21. LIABILITY INSURANCE.
RQI shall cover Employee under directors and officers liability
insurance both during and, while potential liability exists, after the Term in
the same amount and to the same extent, if any, as RQI covers its other officers
and directors.
22. LITIGATION SUPPORT.
Subject to Employee's other commitments, following the Term, Employee
shall be reasonably available to cooperate (but only truthfully) with RQI and
provide information as to matters which Employee was personally involved, or has
information on, during the Term and which are or become the subject of
litigation or other dispute.
23. MULTIPLE TRIGGERING EVENTS; CANCELLATION AND RECOVERY.
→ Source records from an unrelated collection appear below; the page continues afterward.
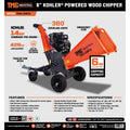 6" Wood Chipper Powered by Kohler 14 HP Command Pro Series, ATV Tow-Behind, 12'' Reversible Blade, Dual Belt Drive, TMG-GWC6
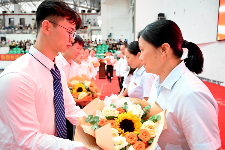 浓浓师生情,拳拳桃李意!毕业生代表向学校领导、老师献上感恩的花束,感谢学校领导和老师的悉心栽培和教导。
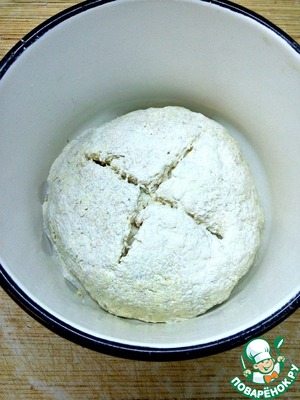 Вымешиваем тесто, формируем колобок и укладываем в форму. Делаем крестообразный надрез и присыпаем мукой. Я выпекала в кастрюле диаметром 19 см.
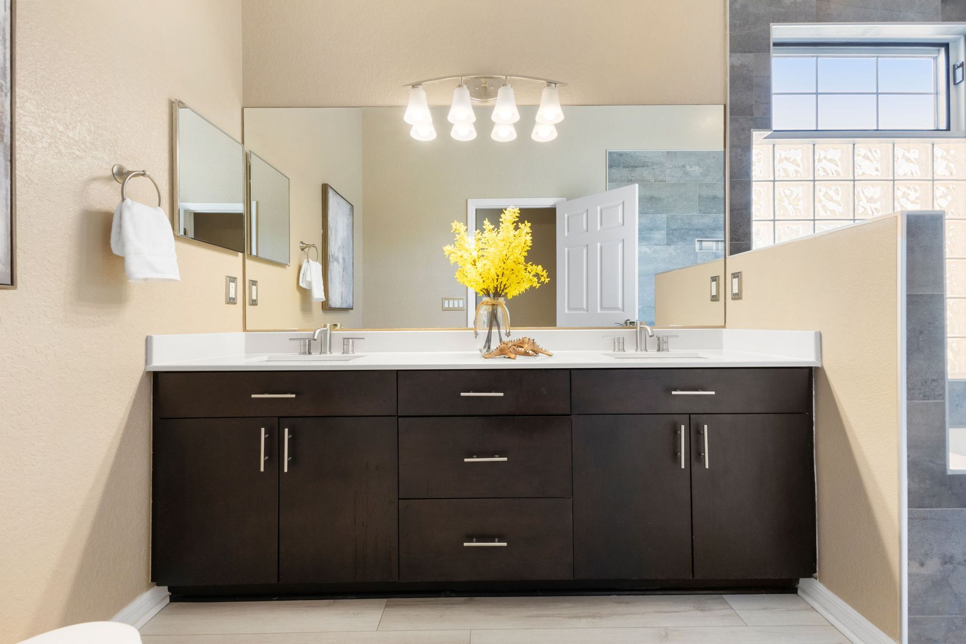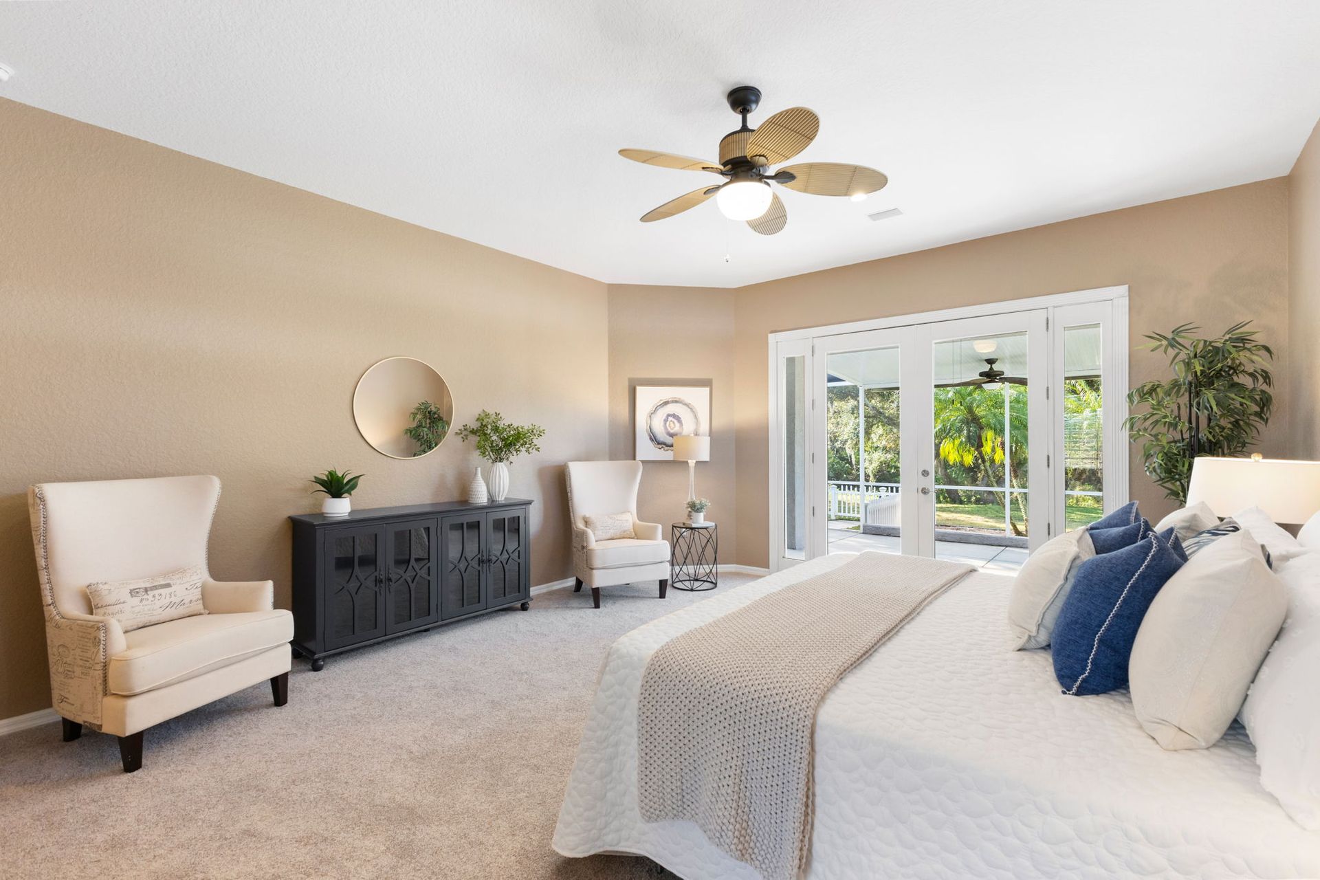 The true split floor plan offers generously sized secondary bedrooms with brand-new carpet and spacious closets featuring premium adjustable shelving. The second bathroom was beautifully renovated in 2024 and showcases a stunning tub and walk-in shower combo with tasteful tilework. The oversized primary suite offers new carpet and French doors that open to your private screened-in back patio—perfect for enjoying a peaceful morning coffee. The en-suite bathroom features a soaker tub and a walk-in shower with tall, glass-style paneling. A spacious walk-in closet with premium adjustable shelving completes the suite.

If Employee first becomes eligible to receive payments pursuant to
Sections 5(d) or (e) or Sections 12(b), (c), (h) or (i) hereof, Employee shall
not thereafter be entitled to any additional payments or benefits pursuant to
such provisions (other than pursuant to Section 12(i) hereof) which would have
become payable as a result of subsequent events had Employee's employment by RQI
not
previously terminated. Notwithstanding anything herein to the contrary, RQI
reserves the right to terminate all payments and benefits hereunder and to
recover from Employee amounts previously paid to Employee if Employee's
employment by RQI is terminated by Employee for good reason or by RQI without
good cause within thirty (30) days after an event which would be grounds for a
termination by RQI for good cause.
[Remainder of Page Intentionally Left Blank - Signature Page Follows]
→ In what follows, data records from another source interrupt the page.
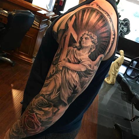 What do angel tattoos symbolize? Having a tattoo of the mystical super beings on the nape of your neck, backside or better still on your chest, speaks volumes about your god and faith. Angel based designs in memory of a loved one are therefore a common choice. Angel tattoos represent our love of god. Angel tattoo on arm 16.
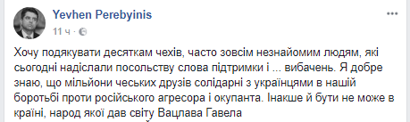 "Хочу поблагодарить десятки чехов, часто совершенно незнакомых людей, которые сегодня направили посольству слова поддержки и... извинений", – написал посол в Facebook.
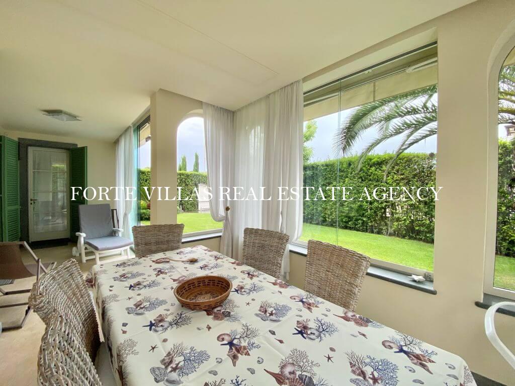 Beautiful semi-detached villa for rent in Forte dei Marmi 500-600 m from Tuscany sea with beautiful large garden.
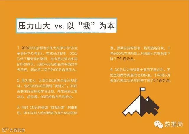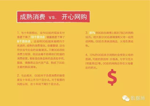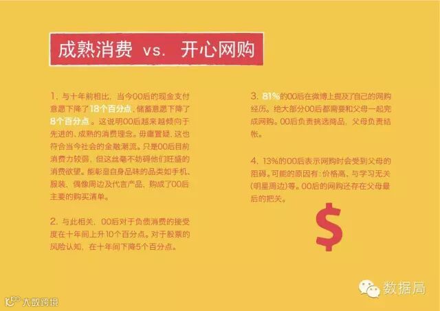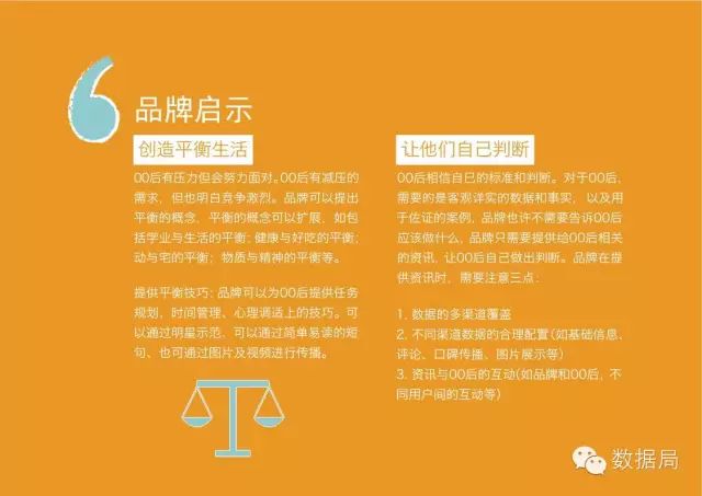 品牌启示:00后有压力但会努力面对。00后有减压的需求,但也明白竞争激烈。品牌可以提出平衡的概念,平衡的概念可以扩展,如包括学业与生活的平衡;健康与好吃的平衡;动与宅的平衡;物质与精神的平衡等。提供平衡技巧:品牌可以为00后提供任务规划、时间管理、心理调适上的技巧。可以通过明星示范、可以通过简单易读的短句、也可通过图片及视频进行传播。

IN WITNESS WHEREOF, the parties hereto have executed this Agreement as
of the day and year first above written.
RESORTQUEST INTERNATIONAL, INC.,
a Delaware corporation
By: /s/ Xxxxx X. Xxxxxx
---------------------------
Name: Xxxxx X. Xxxxxx
Title: CEO
EMPLOYEE:
/s/ Xxxx Xxxxxxxx
-----------------------------------
Xxxx Xxxxxxxx, individually
EXHIBIT A
TO EMPLOYMENT AGREEMENT
The term "good reason" shall mean, without the express written consent
of Employee, the occurrence of any of the following events:
(i) any material diminution or change in (except temporarily during any
period of Disability) Employee's positions, duties, responsibilities, authority
or titles not commensurate with Employee's position or the assignment of duties
or responsibilities not commensurate with Employee's position;
(ii) a reduction by RQI in Employee's base salary provided in Section
2(a) hereof;
(iii) a failure to continue bonus, incentive or other equity plans, programs or
arrangements, or Employee's participation therein, on the same basis as to
potential or targeted amounts; or
(iv) a material breach by RQI of any agreement with Employee.